==== THE INPUT ====
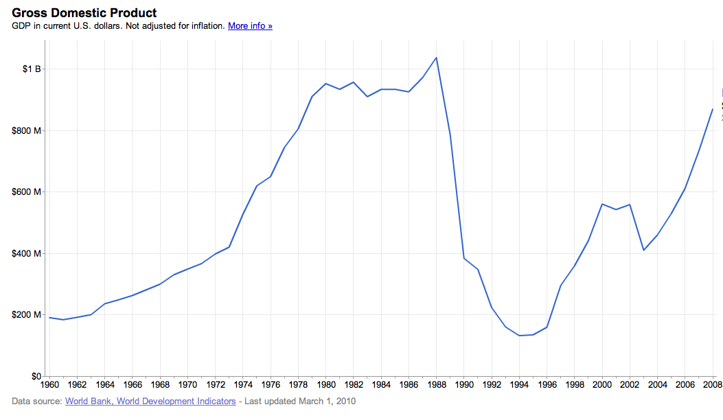 Вот и результат, к чему приводит отказ от западного пути развития и приход к власти человека, обученного и спонсируемого антиамериканской Ливией, основателя патриотического народного фронта Вот ВВП Либерии. Отличнейше видно, в каком году убили последнего президента - "американца" (1980) и в каком к власти пришли товарищи из Ливии (1989). Да, кстати, всех этих уродов в 2005 году из страны вышвырнули, и сейчас в Либерии вполне себе западная демократия и развитие прет полным ходом (тоже хорошо видно на графике), хотя, конечно ливийский период долго будет давать о себе знать.
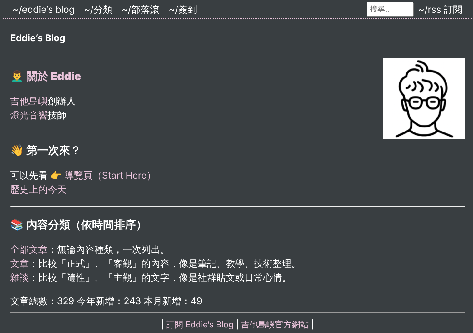 ~/Eddie's Blog ~/分類 ~/誰來我家 ~/部落滾 ~/🎲隨機 ~/📅歷史 ~/RSS
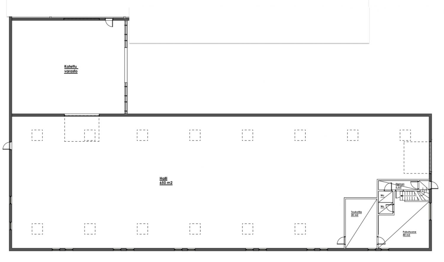 Hallin pinta-ala 892m2 ja korkeus 5,5m
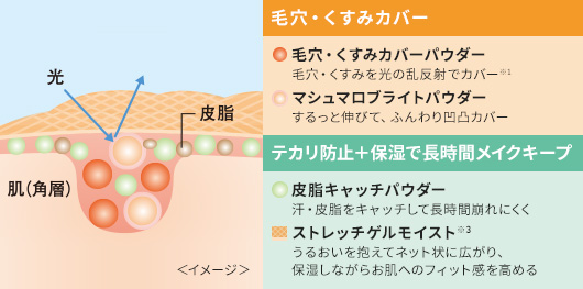 毛穴・くすみカバーパウダーで、薄づきなのに毛穴カバーテカリ防止+保湿ケアで長時間メイクしたてのふんわり毛穴レス※1肌が続きます。
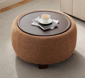 Round Ottoman with Storage, 30" Upholstered Ottoman Table with Removable Wood Top and Solid Wood Legs for Living Room, Bedroom, Apartments, Orange$85Riverside, CA
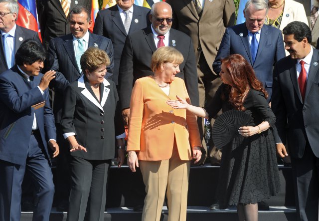 La presidenta Cristina Fernández se reunió este mediodía con la canciller Angela Merkel, en el marco de la cumbre de presidentes la Comunidad de Estados Latinoamericanos y Caribeños (CELAC) y la Unión Europea (UE). Las reuniones bilaterales de la jefa de Estado forman parte de la agenda prevista para el segundo día de la Cumbre.
====
- _WHAT TO WORK ON_: Begin at the first line of the records and please reproduce every line exactly through the one containing "Round Ottoman with", leaving all pictures out.

- _THE COMPLETED TASK_:
 Вот и результат, к чему приводит отказ от западного пути развития и приход к власти человека, обученного и спонсируемого антиамериканской Ливией, основателя патриотического народного фронта Вот ВВП Либерии. Отличнейше видно, в каком году убили последнего президента - "американца" (1980) и в каком к власти пришли товарищи из Ливии (1989). Да, кстати, всех этих уродов в 2005 году из страны вышвырнули, и сейчас в Либерии вполне себе западная демократия и развитие прет полным ходом (тоже хорошо видно на графике), хотя, конечно ливийский период долго будет давать о себе знать.
 ~/Eddie's Blog ~/分類 ~/誰來我家 ~/部落滾 ~/🎲隨機 ~/📅歷史 ~/RSS
 Hallin pinta-ala 892m2 ja korkeus 5,5m
 毛穴・くすみカバーパウダーで、薄づきなのに毛穴カバーテカリ防止+保湿ケアで長時間メイクしたてのふんわり毛穴レス※1肌が続きます。
 Round Ottoman with Storage, 30" Upholstered Ottoman Table with Removable Wood Top and Solid Wood Legs for Living Room, Bedroom, Apartments, Orange$85Riverside, CA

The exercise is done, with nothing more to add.